The kitchen, complete with flag, hung in the universal signal for "Send Cleaning Supplies".

The bedroom, viewed from the kitchen.

The kitchen table.


Bunk bed #1.

Bunk bed #2.

The bedroom window, festively decorated with thousands of angry flies, pinging off the glass in a desperate attempt to escape. I knew just how they felt.


The kitchen sink.

Directions to the nearby spring, where you can go to get some fresh water in which to drown yourself to escape the squalid horror of the kitchen sink.


Please don't leave food. The cabin might get messy.

The tool kit. Dustpan, shovel, torch for burning the cabin to the ground.

Julie poses amidst the flies. Note the spectacular sweat design on her shirt.
We were sorry that we missed seeing The Burntbear. Perhaps our paths will cross some other day.


When we decided that we had inhaled all the flies our lungs could handle, we ventured back out to the great outdoors to visit with the swarming clouds of other insects who had hovered about the door, patiently awaiting our return.

We raced to the trail and, still disoriented by the bloodloss from all our bug bites, may have lost the trail if not for this helpful signpost.


I was concerned that there was a need for these signs - that some hikers might not be able to tell the difference between the summit and a toilet. It did not bode well for the condition of the summit.
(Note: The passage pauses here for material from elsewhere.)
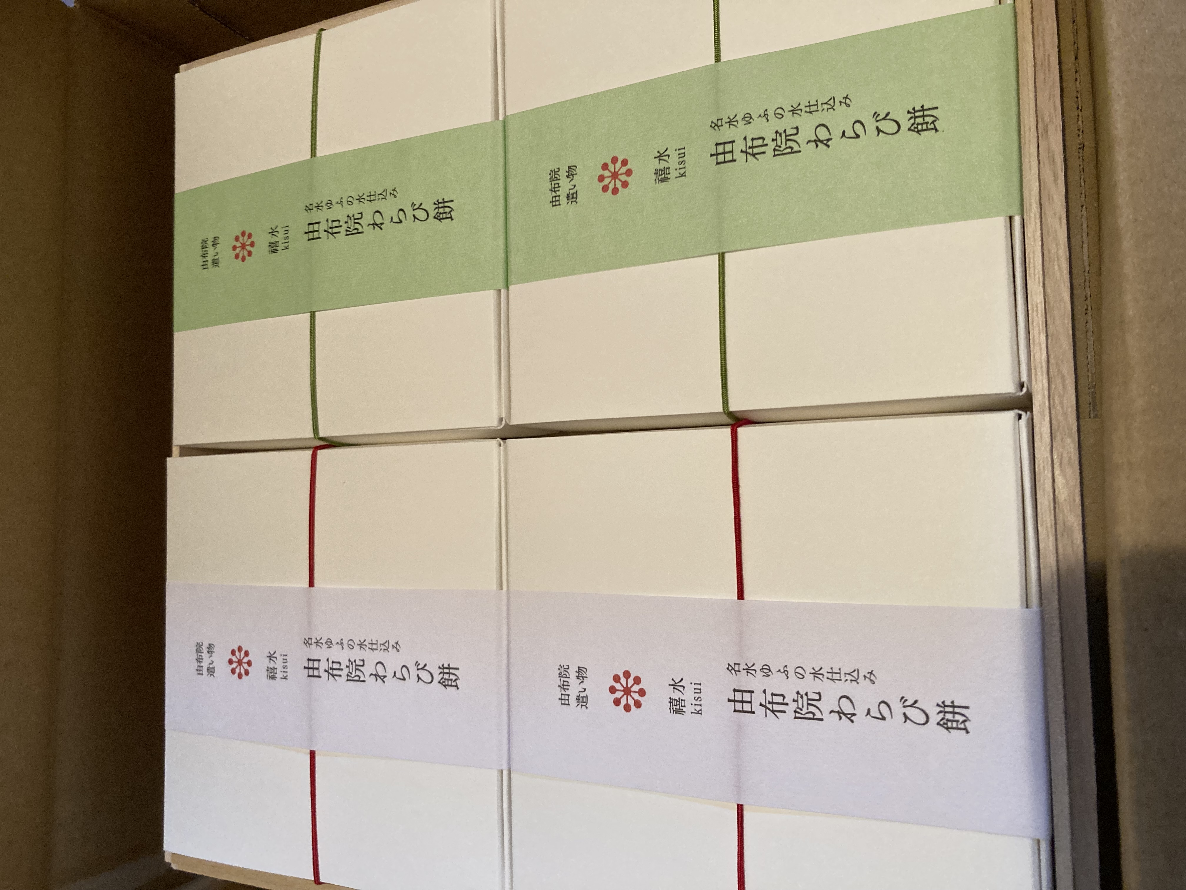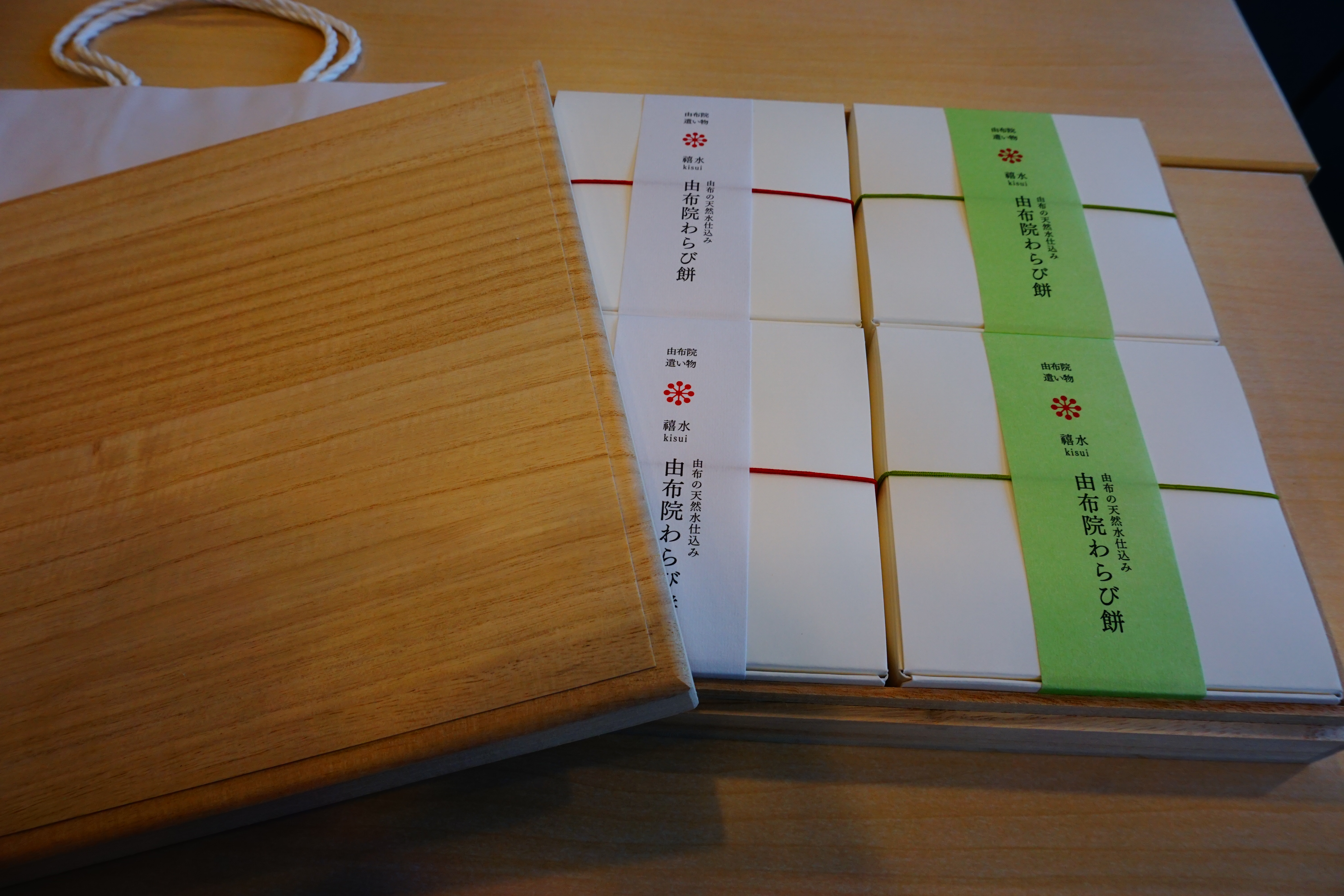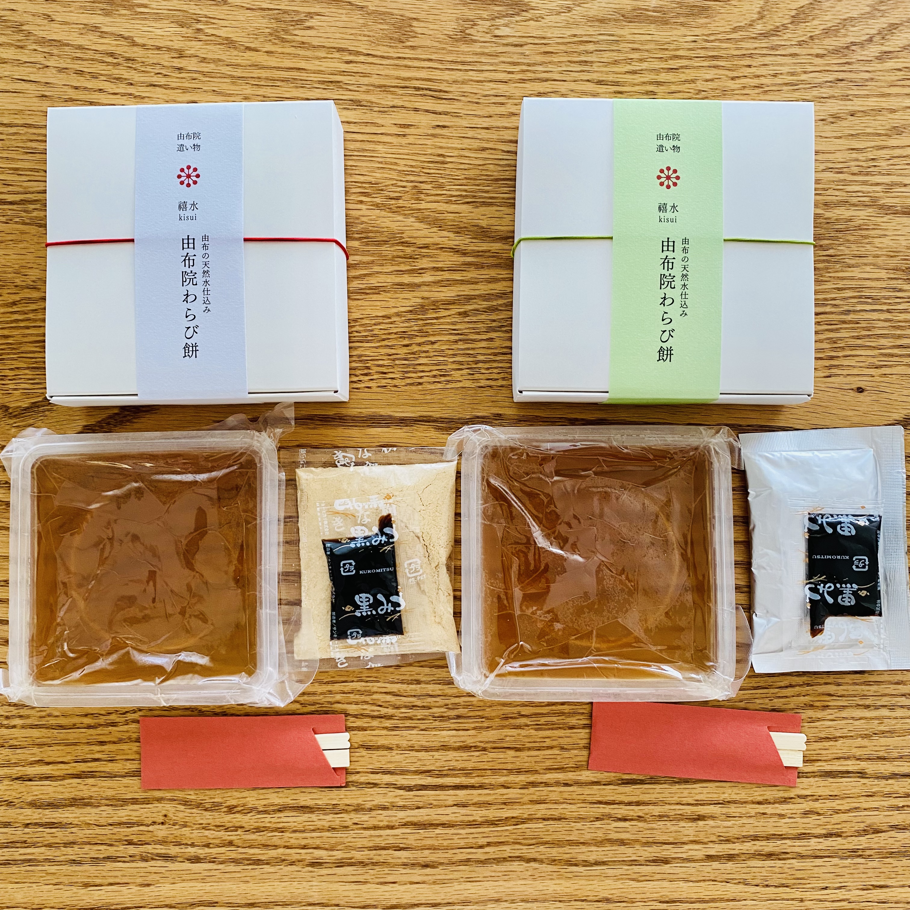 日本屈指の豊かな自然に恵まれた癒しの地・由布院の美しさを表現した「わらび餅」です。添加物、着色料、保存料等は一切使用せず、由布の天然水とわらび粉、てん菜糖、きな粉、抹茶など、国産素材のみを使用して作り上げています。長時間かけて手煉りでじっくり煉り上げることで、今までにない繊細な食感、とろける口どけ、上品な味わいを生み出しています。抹茶の緑が美しい「抹茶きな粉味」、香り高い「きな粉味」の2種が桐箱に入って届くので、贈り物にもお勧めです。

"What's it going to be, Julie?" I asked. "Summit or toilet?"

After a brief deliberation wherein we considered the condition of the kitchen sink and hypothesized about what the toilet might look like, we decided on a visit to the summit.

The summit was indicated by a stake in the ground and the thickest cloud of bugs we had seen yet.
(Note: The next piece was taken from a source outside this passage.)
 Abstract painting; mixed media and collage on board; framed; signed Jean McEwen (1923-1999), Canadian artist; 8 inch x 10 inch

We posed for a quick summit picture and raced downhill toward Bigfoot so he could eat us, with or without napkins, and end our misery.
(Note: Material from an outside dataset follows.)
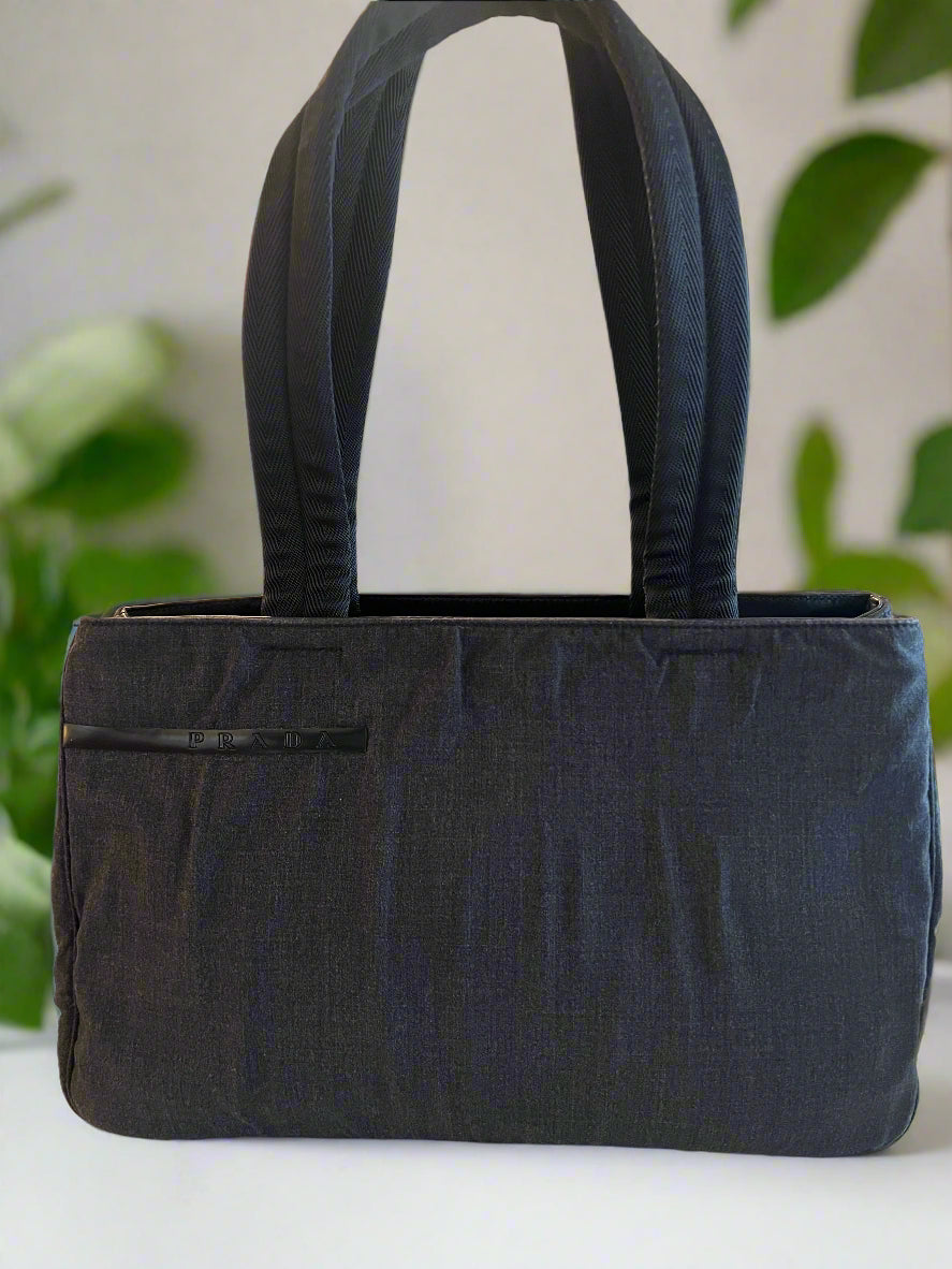 Pre-Owned Prada Nylon Tessuto Sport Tote in Dark Gray. This tote bag is a stylish accessory for everyday use. Crafted from nylon tessuto, it offers durability and a sleek design. Perfect for carrying essentials, it combines functionality with fashion.

On the way down the mountain, Julie took a fancy to a few of the giant rocks which littered the path.

"This would look amazing on the walkway outside my house," she mused.

"What are you going to do?" I snorted. "Carry it down the mountain?"








Julie did, in fact, carry the rock for a few hundred yards. Then she stopped and took off her backpack.

"Ha!" I barked. "Too heavy, huh?"

"No," she answered. "I found another one."



This one, too, went in Julie's backpack. Because Julie is insane.

She managed to stagger a few hundred more yards before she toppled over and her ankle made a very unpleasant snapping noise.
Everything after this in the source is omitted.